3D Question Answering for City Scene Understanding

TL;DR

This work tackles 3D multimodal question answering for city-scale scene understanding by introducing City-3DQA, the first dataset to incorporate city-level scene semantics and human-environment interaction, and a baseline method Sg-CityU that leverages a city-level scene graph. By encoding both 3D point clouds and a structured scene graph, and fusing them through a multimodal fusion network, Sg-CityU achieves state-of-the-art robustness and generalization, significantly outperforming indoor 3D MQA models and zero-shot large language models on City-3DQA. Key contributions include the City-3DQA data construction pipeline (including City-level Instance Segmentation, Scene Semantic Extraction, and 33 question templates across five categories), and the Scene graph enhanced City-level Understanding approach that exploits spatial relationships for accurate, city-aware reasoning. The results demonstrate strong potential for real-world intelligent agents in urban environments, enabling more capable and reliable city-scale perception, reasoning, and human-environment interaction.

Abstract

3D multimodal question answering (MQA) plays a crucial role in scene understanding by enabling intelligent agents to comprehend their surroundings in 3D environments. While existing research has primarily focused on indoor household tasks and outdoor roadside autonomous driving tasks, there has been limited exploration of city-level scene understanding tasks. Furthermore, existing research faces challenges in understanding city scenes, due to the absence of spatial semantic information and human-environment interaction information at the city level.To address these challenges, we investigate 3D MQA from both dataset and method perspectives. From the dataset perspective, we introduce a novel 3D MQA dataset named City-3DQA for city-level scene understanding, which is the first dataset to incorporate scene semantic and human-environment interactive tasks within the city. From the method perspective, we propose a Scene graph enhanced City-level Understanding method (Sg-CityU), which utilizes the scene graph to introduce the spatial semantic. A new benchmark is reported and our proposed Sg-CityU achieves accuracy of 63.94 % and 63.76 % in different settings of City-3DQA. Compared to indoor 3D MQA methods and zero-shot using advanced large language models (LLMs), Sg-CityU demonstrates state-of-the-art (SOTA) performance in robustness and generalization.
Paper Structure (24 sections, 9 equations, 5 figures, 6 tables)

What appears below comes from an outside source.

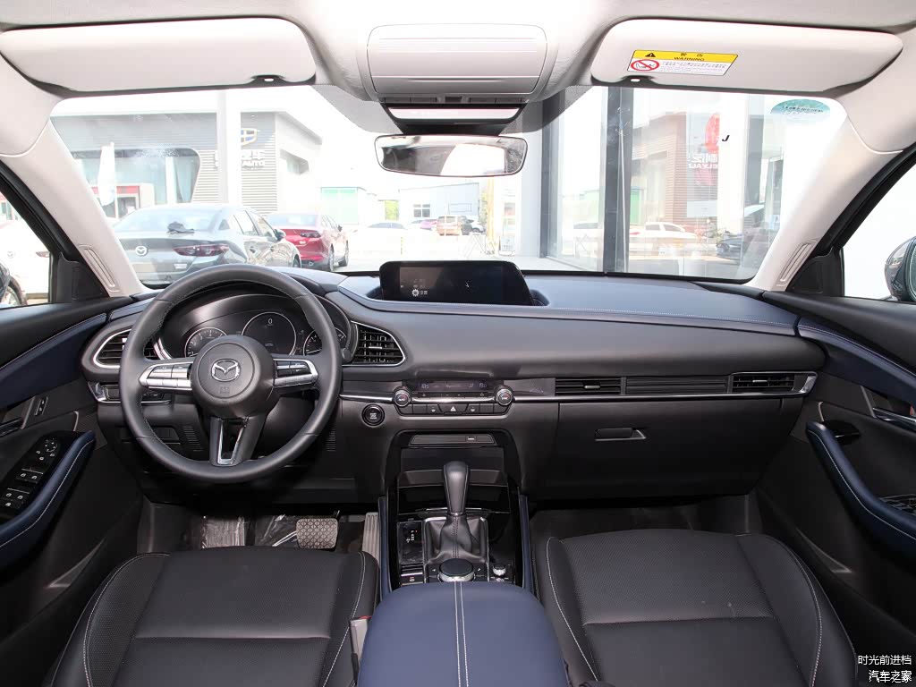 内饰部分,CX30这款车的内饰整体布局与昂克赛拉如出一辙,熟悉的设计风格让内饰显得辨识度非常高。为了与家族车型区别开,该车的中控台拥有更明显的倾斜角度,配合双色拼接和非对称式的液晶屏,让内饰看起来更加有设计感。中控台上配备的7英寸显示屏,支持苹果Carplay、百度Carlife功能,能满足大多数用户的操控要求。

This paper contains 24 sections, 9 equations, 5 figures, 6 tables.

Figures (5)

  • Figure 1: Comparison of the City-3DQA with other 3D multimodal question answering (MQA) tasks. The existing research in 3D MQA focuses on the indoor household scene (a) and outdoor autonomous driving scene (b). However, these researches lack spatial semantic and city-level interaction information within the city. City-3DQA (c) is the first dataset to focus on 3D MQA for outdoor city scene understanding.
  • Figure 2: Data Construction Pipeline for City-3DQA. The pipeline consists of three main stages: City-level Instance Segmentation, Scene Semantic Extraction, and Question-Answer Pair Construction.
  • Figure 3: The statistical distributions of questions within the City-3DQA dataset are presented. The question length means the number of words in the question sentence. Multi and Single mean the multi-hop questions and single-hop questions respectively.
  • Figure 4: The framework of our proposed model Sg-CityU (a) and Fusion Layer in Sg-CityU (b). In Sg-CityU, the question, scene graph, and point clouds are processed by the feature extraction backbone to obtain multimodal features. Finally, the multimodal features are fed into Fusion Layer and Answer Layer for answer generation. In Fusion Layer, we build layers of multimodal fusion network (MMFN) based on self-attention and cross-attention to fuse different model inputs.
  • Figure 5: Visualization of examples. We compare and visualize the answer generated by Qwen-VL, Llama-2 and Sg-CityU. We visualize the city scene with the instance label and scene graph (sg). ✓ and ✘ mean the correct answer and wrong answer respectively.